Why this needs a Pod, not a tool license
Brands try to solve this by buying a better AI tool. The better tool reduces failure rate, it does not eliminate it. The failures that remain are the expensive ones, because the AI is now confident enough that the team stops checking.
The operating layer that actually closes the risk is a Pod with three specific roles working together:
The AI specialist owns the configuration: which queries route to human review, which knowledge sources the bot is allowed to ground in, when the refusal rule applies. This is a continuous tuning job, not a setup job. The configuration drifts as products change, policies update, and customer expectations move.

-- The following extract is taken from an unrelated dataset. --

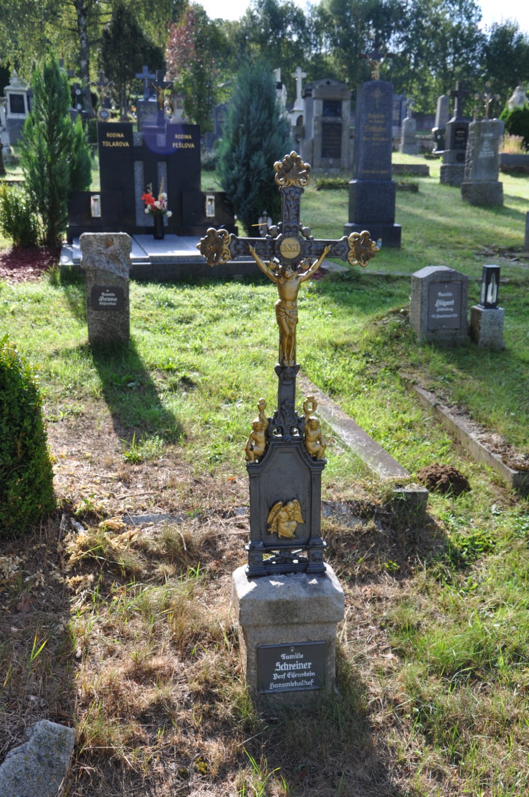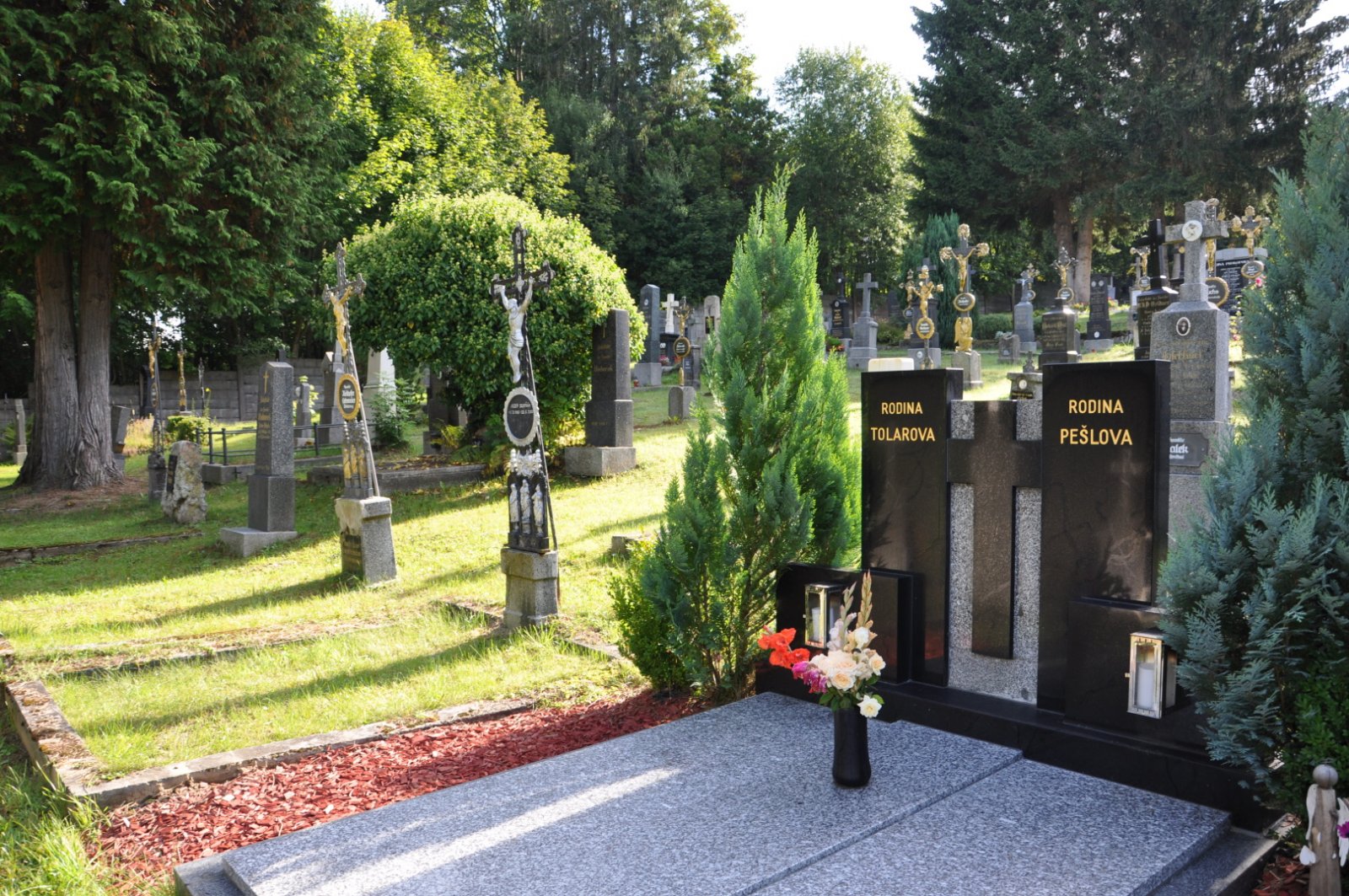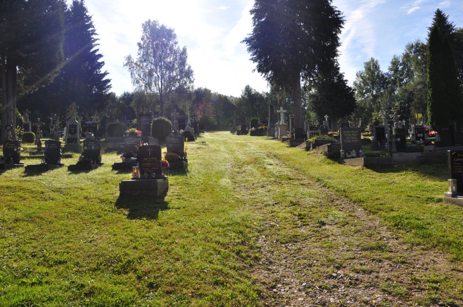 Hřbitov je udržovaný.

The Pod operations lead owns the escalation SOP: when a customer pushes back on what the bot said, what the human says, who has authority to honor the bot's promise, when the issue gets logged for legal review.
The frontline operator owns the daily approval queue: reading the held responses, approving the right ones, redirecting the wrong ones, flagging anomalies for the AI specialist.
The Pod shape is what makes the four-category guardrail run at scale. Tools alone do not. We hire and train this shape because we have run it through the Pod Trial for every brand where the AI tool was already deployed and underperforming.
What this means for your operation
If you run a creator business, a DTC brand, a SaaS, or any operation with an AI-facing support layer:
- Audit the last 100 responses against the four categories now.
- Decide which categories require human-in-loop and configure the tool to hold them.
- Document the escalation SOP for when a customer holds you to what the bot said.
- Staff the configuration as an ongoing role, not a one-time setup.
- Pull the weekly mistake sample. Feed it back into the rules.
The cost of running this layer well is roughly one Pod role per ~5,000 monthly AI-touched conversations. The cost of running it badly is one Air Canada-style ruling, which is a lot more than one Pod role.